> **PROBLEM**
Nothing outside the lines below from the one containing "The Cargo Cluster" through the one containing "GADOMSKI Adam 1926" is to be printed; print those exactly, ends included, and drop the pictures.

*** WORKING DATA ***

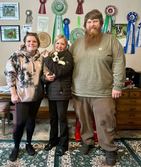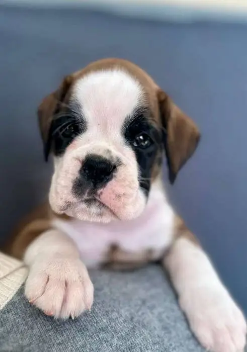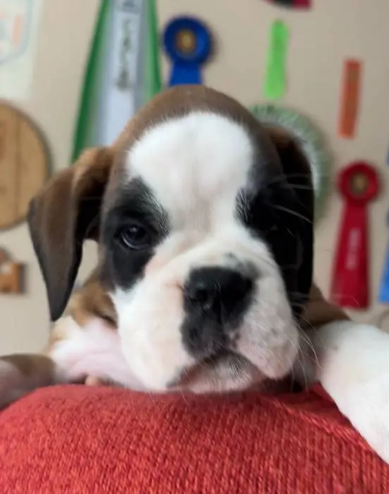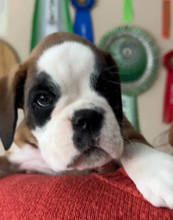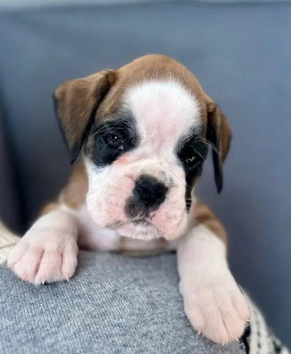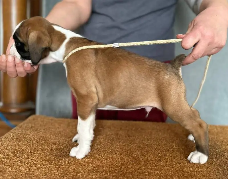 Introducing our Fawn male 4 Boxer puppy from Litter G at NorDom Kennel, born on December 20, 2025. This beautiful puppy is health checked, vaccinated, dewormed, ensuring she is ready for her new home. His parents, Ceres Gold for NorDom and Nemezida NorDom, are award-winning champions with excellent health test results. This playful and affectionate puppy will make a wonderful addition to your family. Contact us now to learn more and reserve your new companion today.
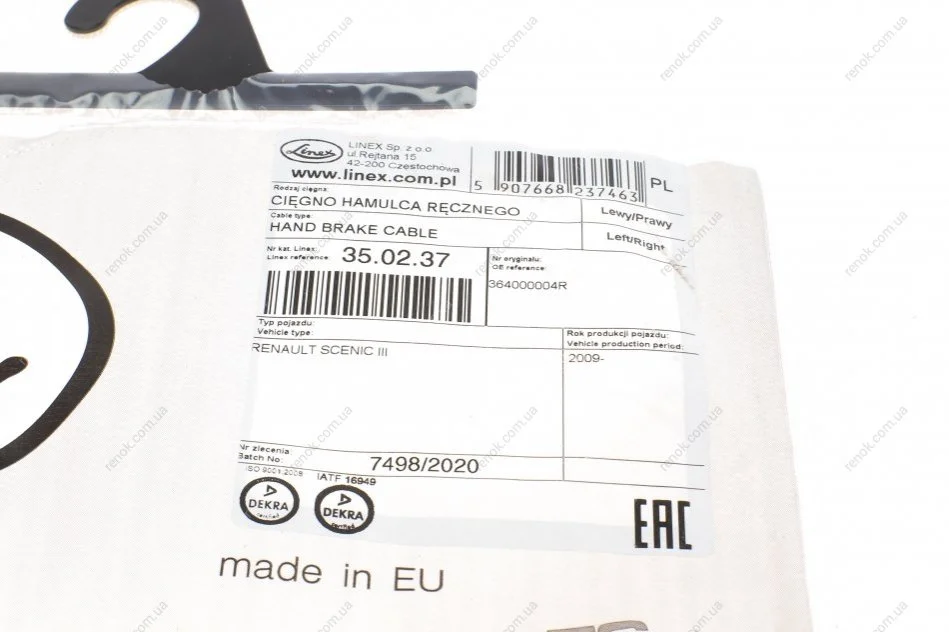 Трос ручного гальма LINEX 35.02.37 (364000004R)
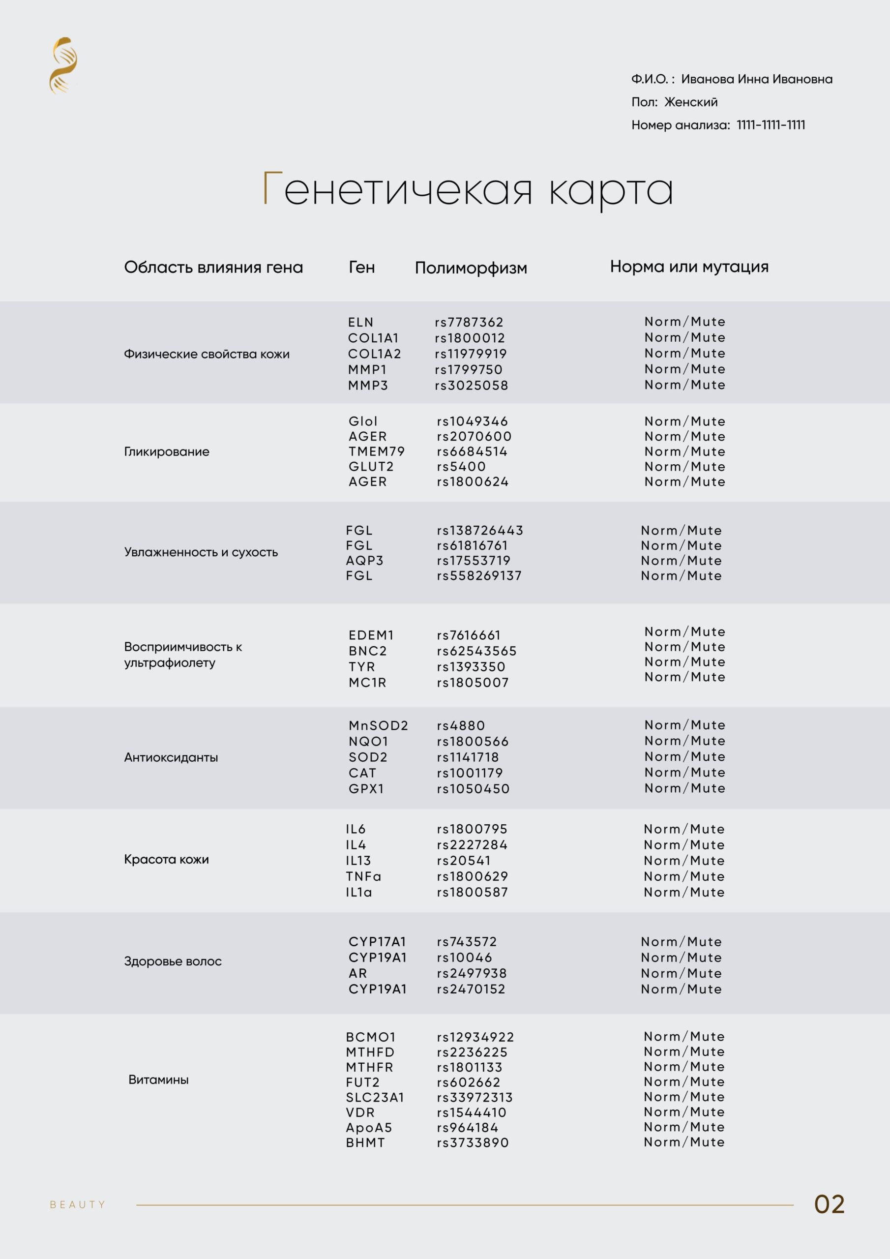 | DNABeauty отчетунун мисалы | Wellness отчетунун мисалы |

*** End of WORKING DATA ***
*** WORKING DATA ***

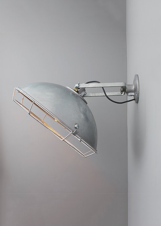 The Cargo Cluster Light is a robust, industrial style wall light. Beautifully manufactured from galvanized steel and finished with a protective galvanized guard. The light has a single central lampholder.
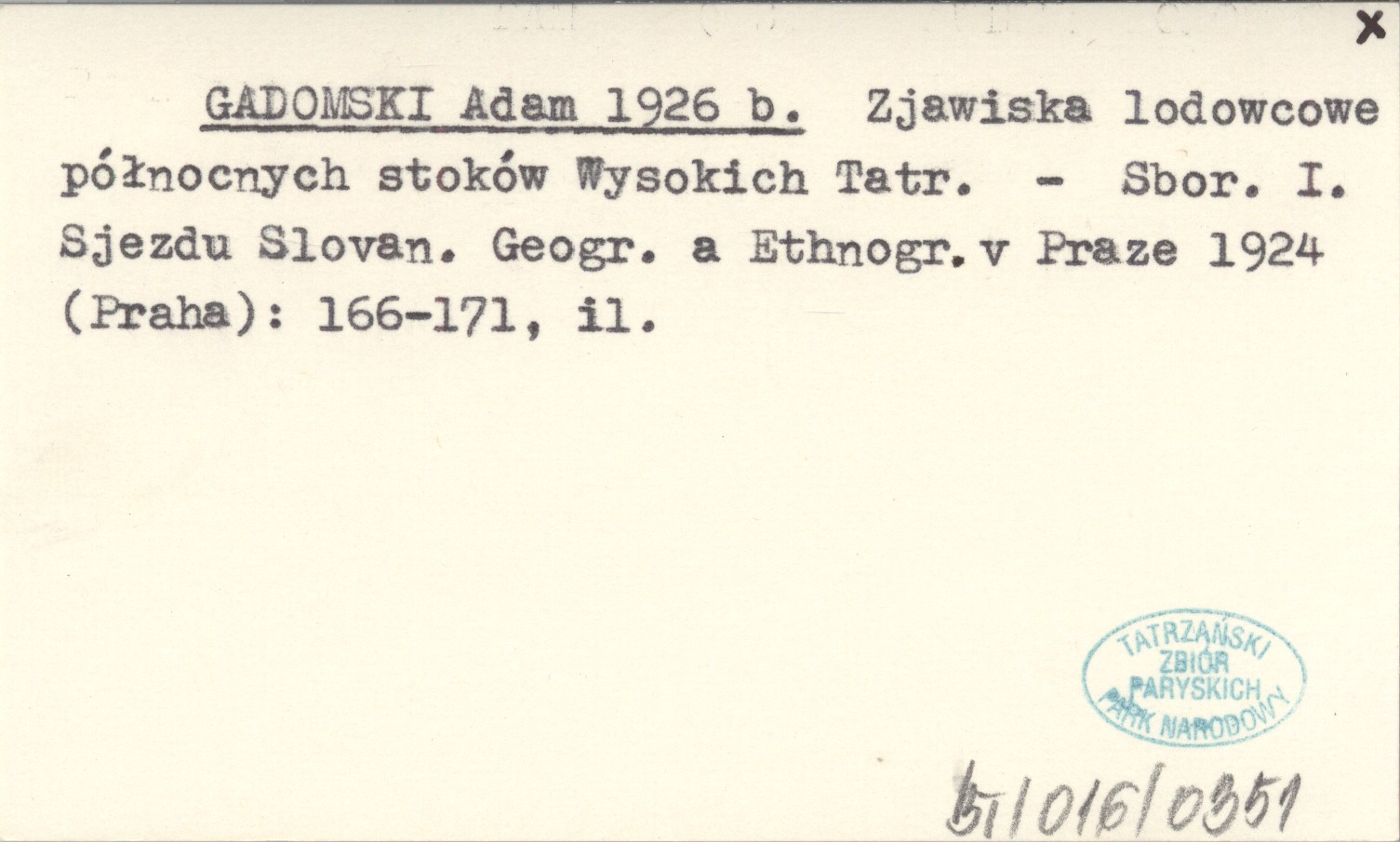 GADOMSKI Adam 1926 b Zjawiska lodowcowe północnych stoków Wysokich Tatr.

*** End of WORKING DATA ***

> **PROBLEM SOLUTION**
 The Cargo Cluster Light is a robust, industrial style wall light. Beautifully manufactured from galvanized steel and finished with a protective galvanized guard. The light has a single central lampholder.
 GADOMSKI Adam 1926 b Zjawiska lodowcowe północnych stoków Wysokich Tatr.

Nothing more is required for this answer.